[Data extracted from a collection]

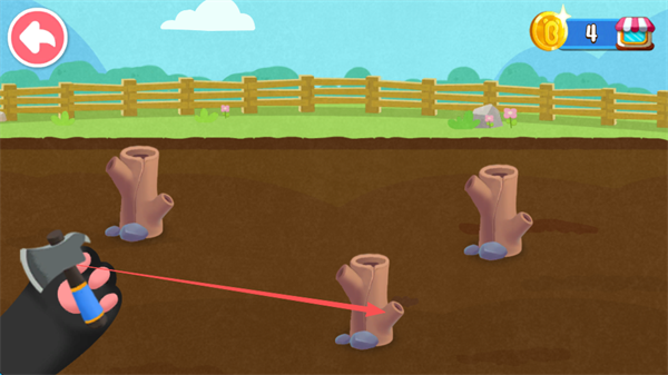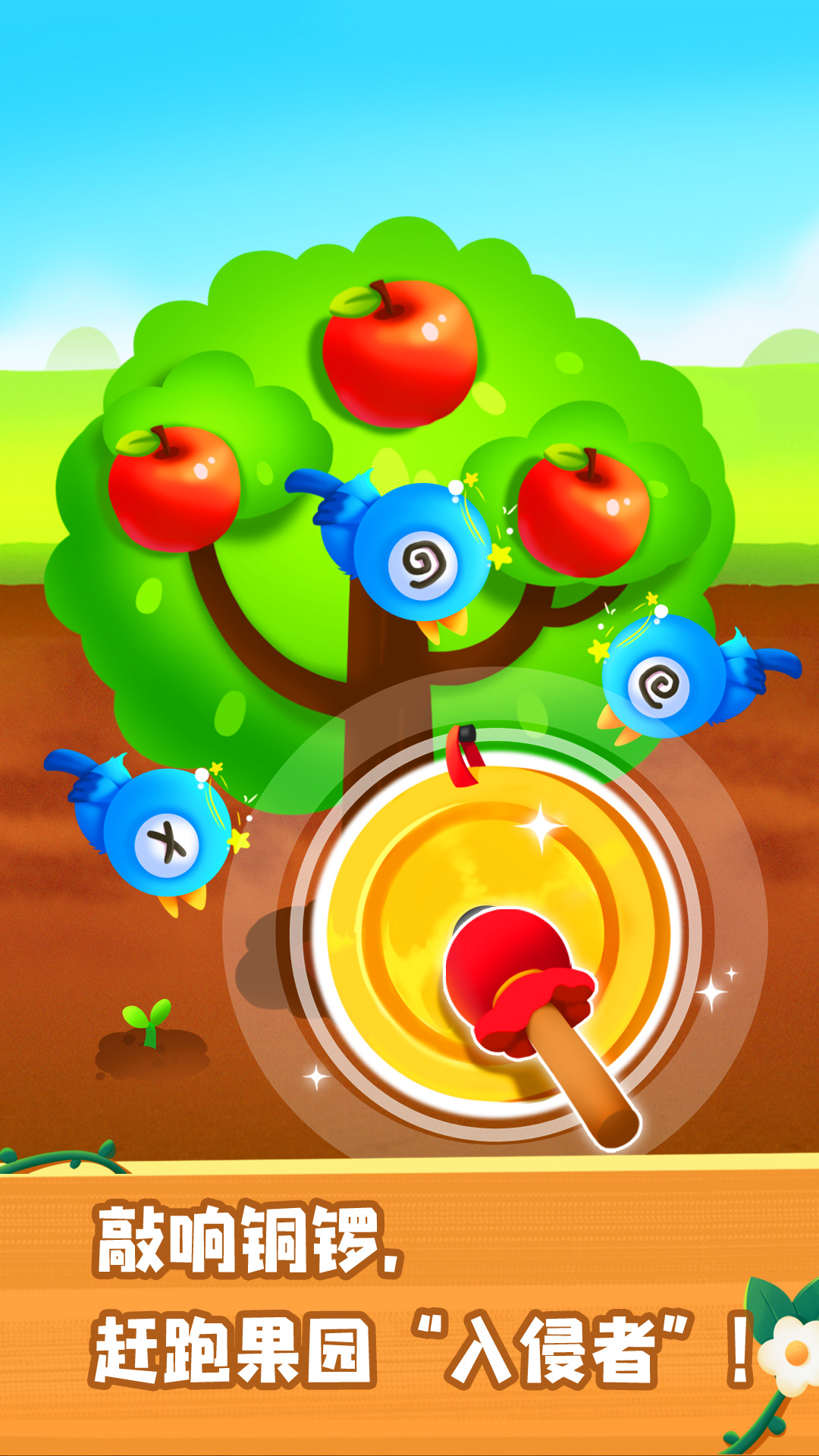 功夫不负有心人——果蔬顺利长大,结出了果实。不好,农田里出现“入侵者”,鸟雀和蝗虫正在偷吃果实!事不宜迟,宝宝快行动起来:举起杀虫剂,对准蝗虫进行喷洒;再使用木棍敲打铜锣,发出响声驱赶鸟雀。
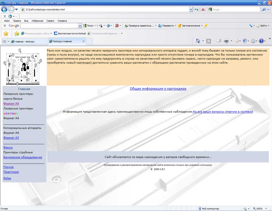 Нашел в архиве, какой раньше дизайн был у сайта(всплакнул даже :-) ), вот скрины: Раньше был адрес testcopyspbru, поэтому такой адрес остался на некоторых картинках.
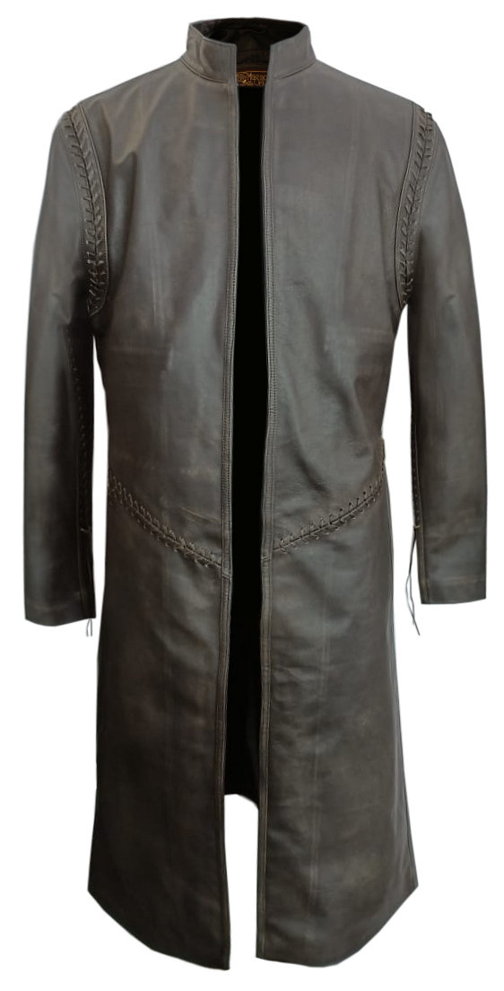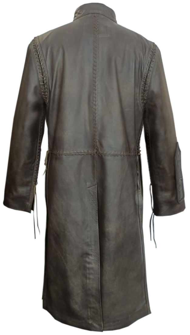 This leather duster features hand stitched detailing on the shoulders and waist, as well as lacing on the inner cuffs and sides. Long vents at the sides and back allow for greater mobility on foot or horseback. The right forearm has a custom made bracer with either an embossed Gondorian design or a simpler hand-stitched Ranger pattern (please state your preference in the comments section of your order).
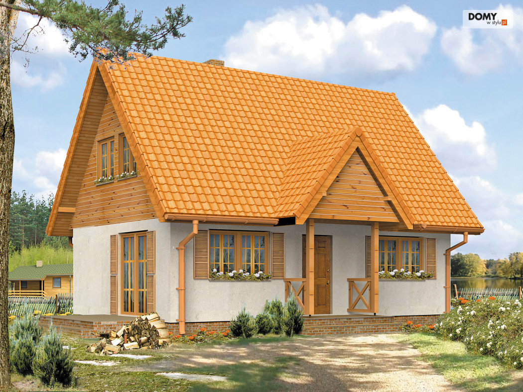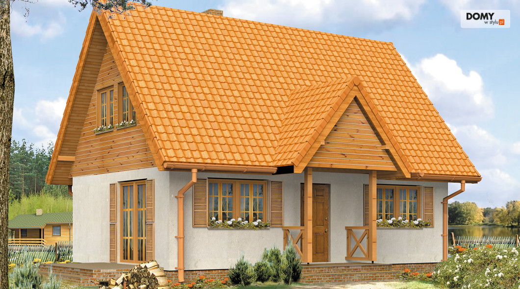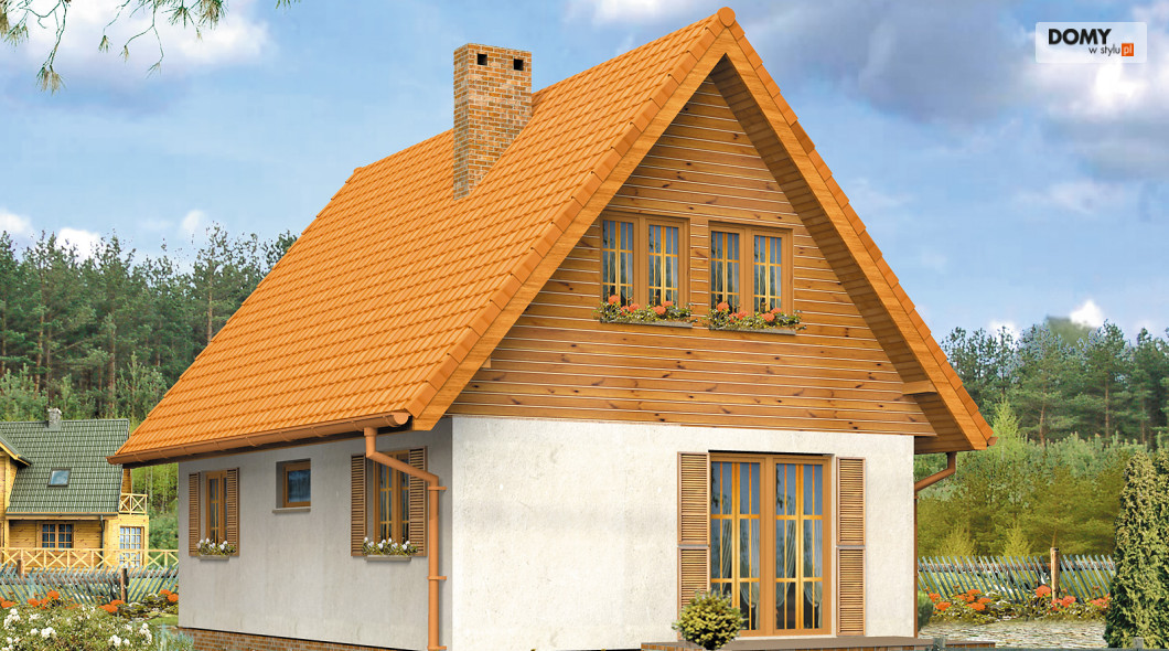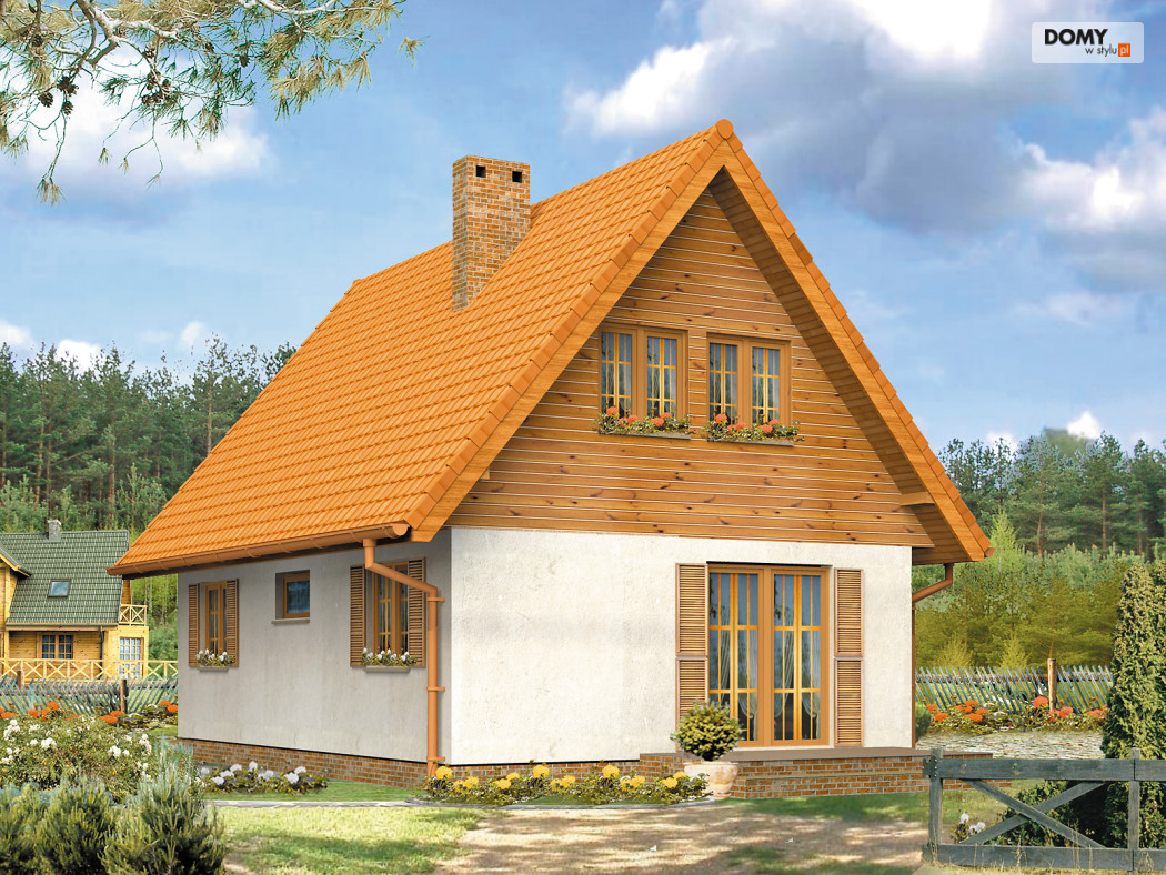 Dom letniskowy z użytkowym poddaszem. Kuchnia z jadalnią i pokojem dziennym połączone w jedną wspólną przestrzeń. Dwa pokoje na parterze i dwie sypialnie na poddaszu.
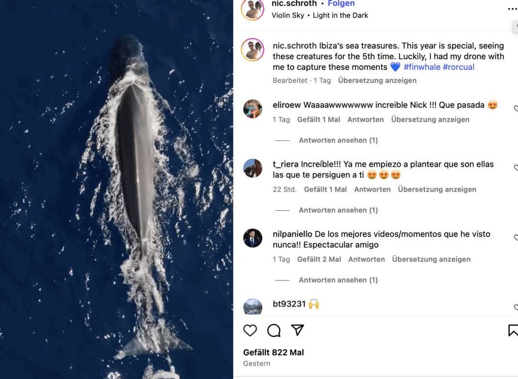 Schroth, der nach eigenen Angaben auf Ibiza aufgewachsen ist und sich dem Meer besonders verbunden fühlt, zeigte sich begeistert von der Begegnung. „Die Meeresschätze Ibizas. Dieses Jahr ist ein besonderes, wir sehen diese Tiere bereits zum fünften Mal“, schreibt er auf seinem Instagram-Account. „Zum Glück hatte ich meine Drohne dabei, um diese Momente festzuhalten.“

> TASK GOAL:
The answer must be an exact copy of the lines from the one containing "Dom letniskowy z" through the last line of the records, with no pictures included.

> REPLY:
 Dom letniskowy z użytkowym poddaszem. Kuchnia z jadalnią i pokojem dziennym połączone w jedną wspólną przestrzeń. Dwa pokoje na parterze i dwie sypialnie na poddaszu.
 Schroth, der nach eigenen Angaben auf Ibiza aufgewachsen ist und sich dem Meer besonders verbunden fühlt, zeigte sich begeistert von der Begegnung. „Die Meeresschätze Ibizas. Dieses Jahr ist ein besonderes, wir sehen diese Tiere bereits zum fünften Mal“, schreibt er auf seinem Instagram-Account. „Zum Glück hatte ich meine Drohne dabei, um diese Momente festzuhalten.“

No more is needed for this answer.